— THE PROBLEM —
Entries below include pictures. Output exactly the lines from the one with "- Двойна мощност" down to the one with "KS2 Python: 50 Introductory codes", both ends included, and leave the pictures out.

— INPUT MATERIAL —
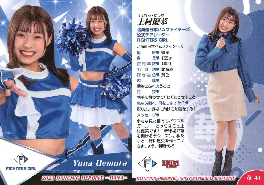 Nombre comercial en japonés: BBM/レギュラーカード/BBM2023 プロ野球チアリーダーカード DANCING HEROINE -華- 華41[レギュラーカード]:上村優菜
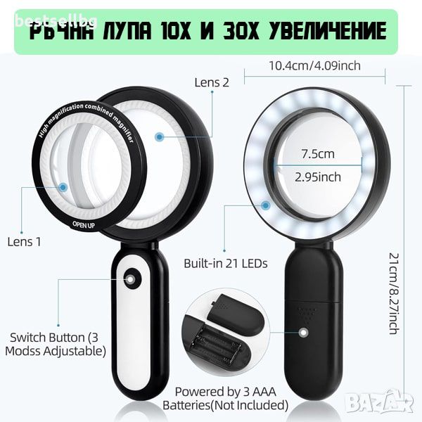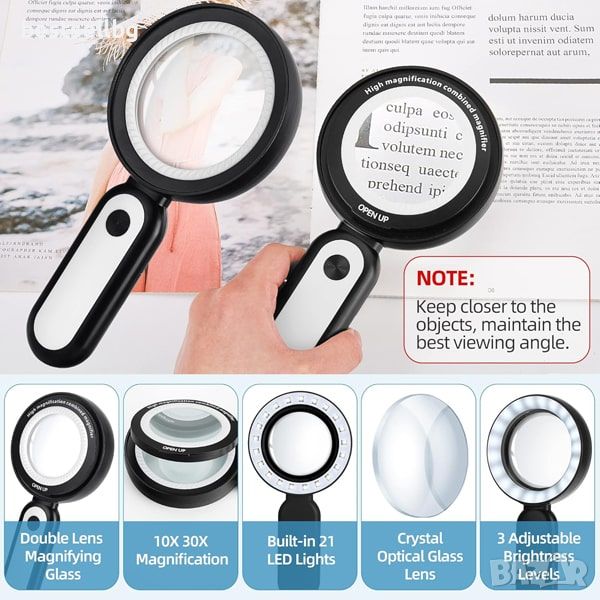 - Двойна мощност на увеличение: С лекота превключвайте между 10x и 30x увеличение, за да разгледате всеки обект отблизо. Идеална както за ежедневни задачи, така и за професионална употреба.
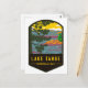 A vintage travel badge design of Emerald Bay, Lake Tahoe, a large freshwater lake in the Sierra Nevada Mountains located in California and Nevada.
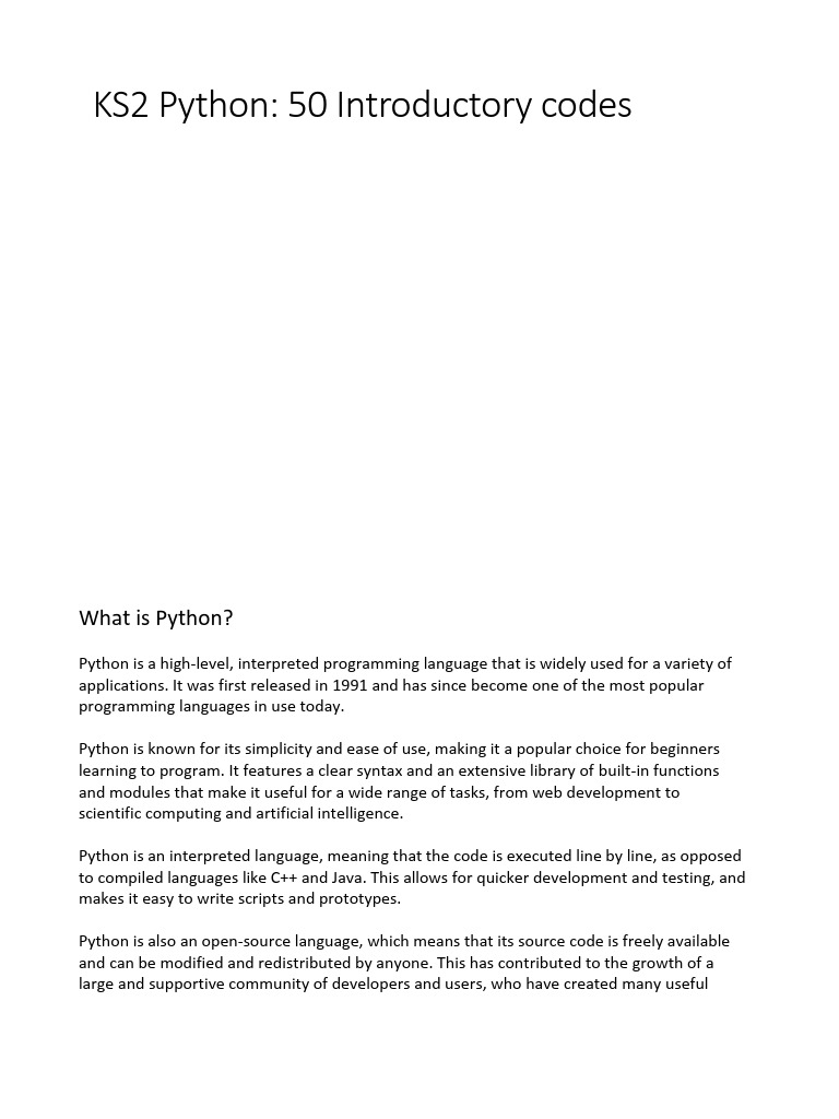 KS2 Python: 50 Introductory codes
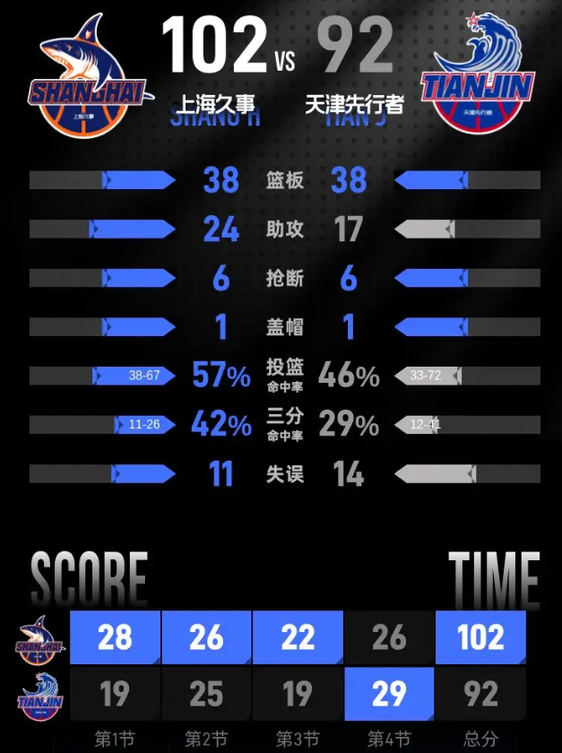 比赛进入末节,李弘权开局就命中三分,林庭谦上篮得分,王哲林上篮得分,林庭谦三罚全中,郑昊燃投进三分,李弘权立刻回敬三分。王哲林完成灌篮,谷泽浴上篮得分,林庭谦再上进篮,王哲林再添两分,古德温罚中一分,谷泽浴投进三分,李弘权上篮得分,郑昊燃勾手得分,张镇麟上篮,李弘权再中三分,分差回到16分。林庭谦命中三分,郑昊燃连得3分,怀特塞德灌篮得分,田雨回敬三分,怀特塞德再上篮得分,郑昊燃命中三分将分差缩小到8分,偰李永炜上篮得分,上海久事102-92击败天津先行者。
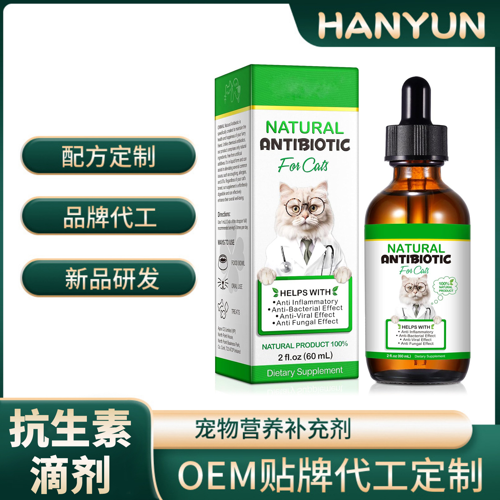 跨境专供猫抗生素滴剂宠物营养膳食补充剂骨关节健康保健品批发
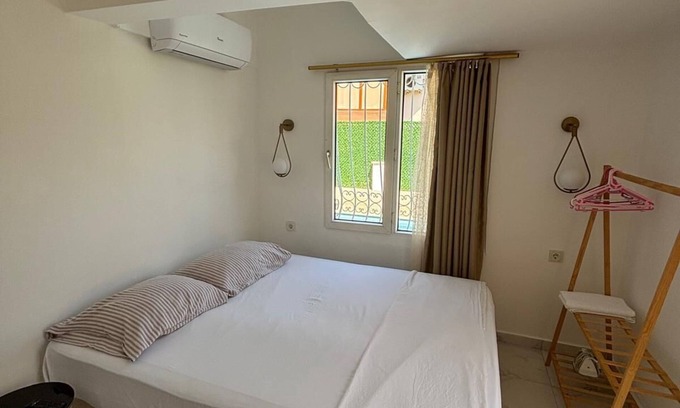 1+1 apartment with pool in Marmaris. Our pool is shared by 4 apartments. Pool access is limited to ages 7 and older. The apartment includes an iron, hairdryer, washing machine, TV, kettle, and stove. Smoking is prohibited inside the apartment.
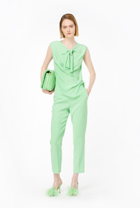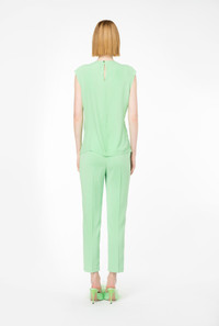 Tapered-fit trousers in stretch crepe fabric. High waist, slanted side pockets and slim-fitting legs with crease down the middle on the front and back. Invisible zip fastening in the middle at the back. COMPOSITION Outside Fabric: POLYESTER 98% ELASTANE 2% - Lining: ACETATE 64% POLYESTER 36%
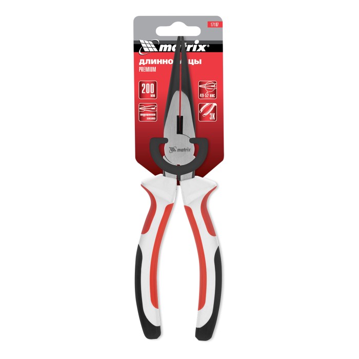 Длинногубцы прямые Premium, 200 мм, трехкомпонентные рукоятки Matrix
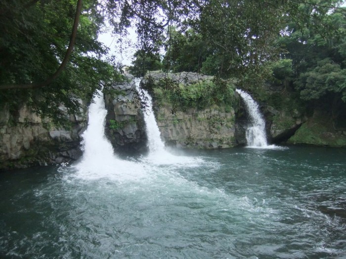 左側から「雪解」、「富士見」、「月見」。そして玄武岩溶岩流の断面に流れる滝・・・
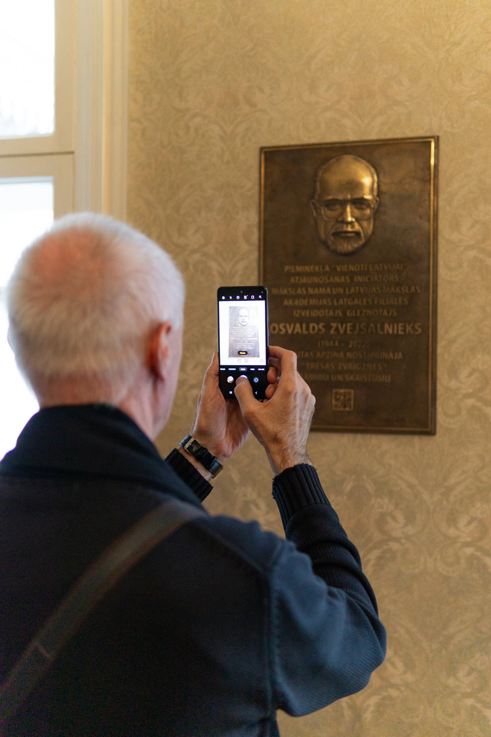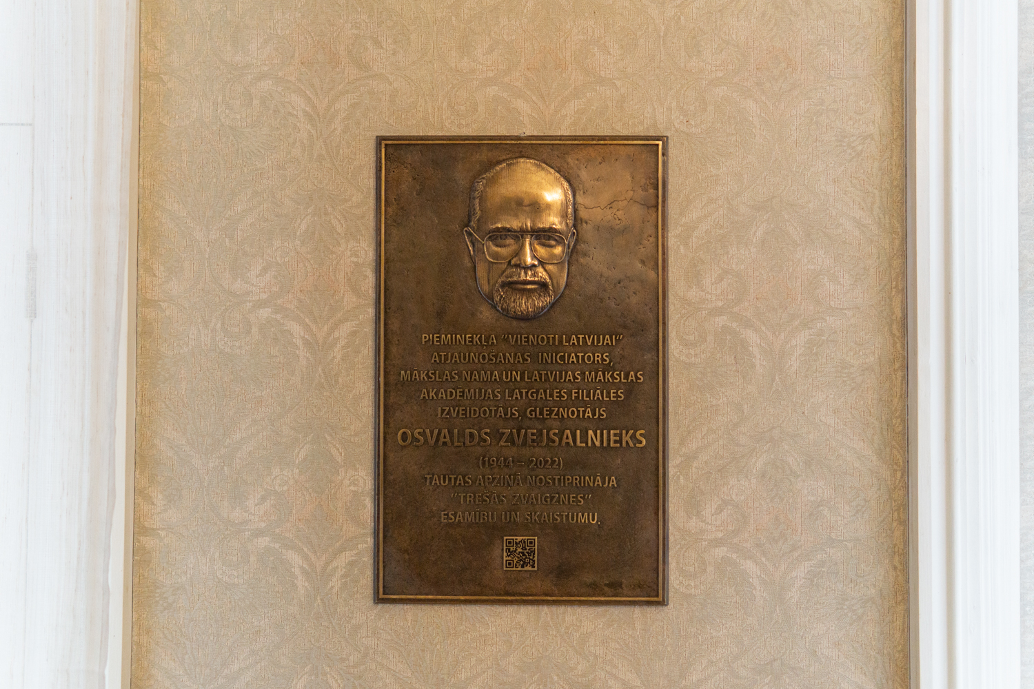 Ar atmiņu stuostim atkluota gleznuotuojam Osvaldam Zvejsalniekam veļteita pīminis zeime
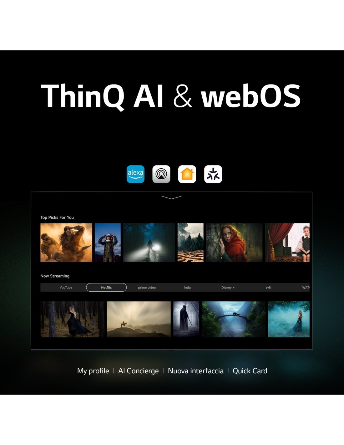 Smart TV con ThinQ AI, webOS 23 e comandi vocaliQuesto TV è davvero intelligente, perché integra l'assistente ThinQ AI che ti consiglia cosa vedere in base alle tue abitudini e risponde ai tuoi comandi vocali. Grazie alla piattaforma smart TV webOS 23 trovi tutti ancora più rapidamente, grazie alle schede tematiche accessibili direttamente dalla schermata principale. Inoltre, trovi tantissimi servizi di streaming per non perderti le serie TV e i film più chiacchierati del momento.
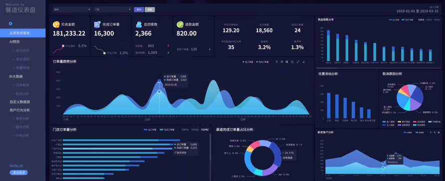 基于业务中台的搭建,餐道同时组建了数据中台,通过对接全渠道的原始数据,建立用户、门店、餐品等各种画像,并针对现上线下数据的融合,进行全渠道的数据分析,利用数据给商家展开流量的追踪和分析,得出精细化的用户画像、菜品预测、合理的商圈范围等,帮助商家形成数字决策。
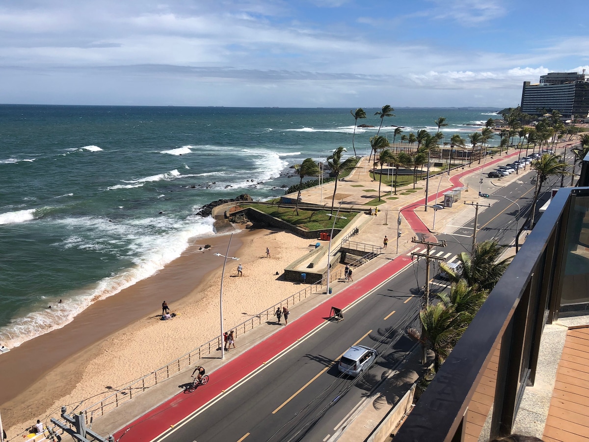 Flat novinho, recém reformado, em frente a praia, com vista lateral para o mar: da varanda é possível apreciar a praia, a avenida e o pôr do sol da Barra. Localizado no melhor ponto da Barra, perto de restaurantes, bares, mercados, farmácias e do Shopping Barra, além de fácil acesso aos principais pontos turísticos de Salvador. Dispõe de ar-condicionado split, ventilador de teto, TV e uma cozinha equipada (sem fogão). O Flat dispõe de camareira para limpeza diária e piscina de uso comum.
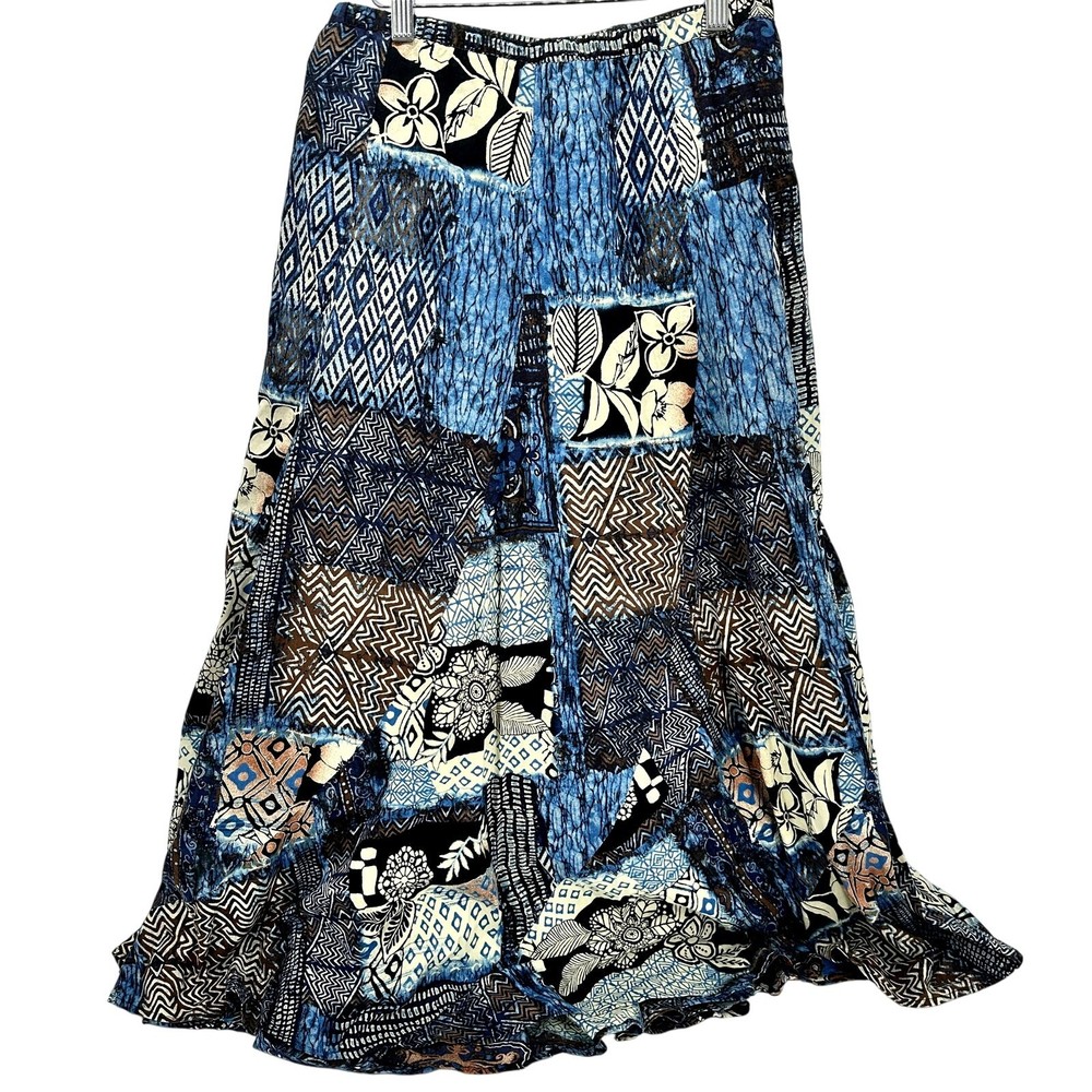 Chico's Maxi Skirt Womens Medium Blue Patchwork Floral Lined Boho Coastal ZIP + BUTTON CLOSE. Very good condition, see all pictures for views. SIZE TAG WAS REMOVED, SEE MEASUREMENTS TO ENSURE BEST FIT. •Waist: 28-30" Little stretch •Length: 35" Thank you for your purchase, we appreciate you!
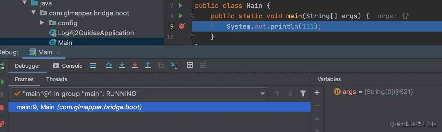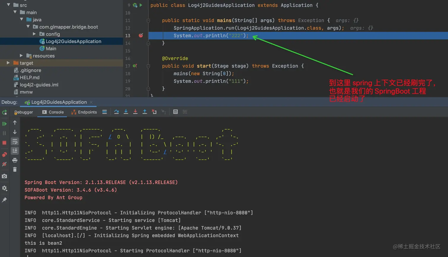SpringApplication.run(Log4j2GuidesApplication.class, args);

— RESPONSE TO THE TASK —
 - Двойна мощност на увеличение: С лекота превключвайте между 10x и 30x увеличение, за да разгледате всеки обект отблизо. Идеална както за ежедневни задачи, така и за професионална употреба.
 A vintage travel badge design of Emerald Bay, Lake Tahoe, a large freshwater lake in the Sierra Nevada Mountains located in California and Nevada.
 KS2 Python: 50 Introductory codes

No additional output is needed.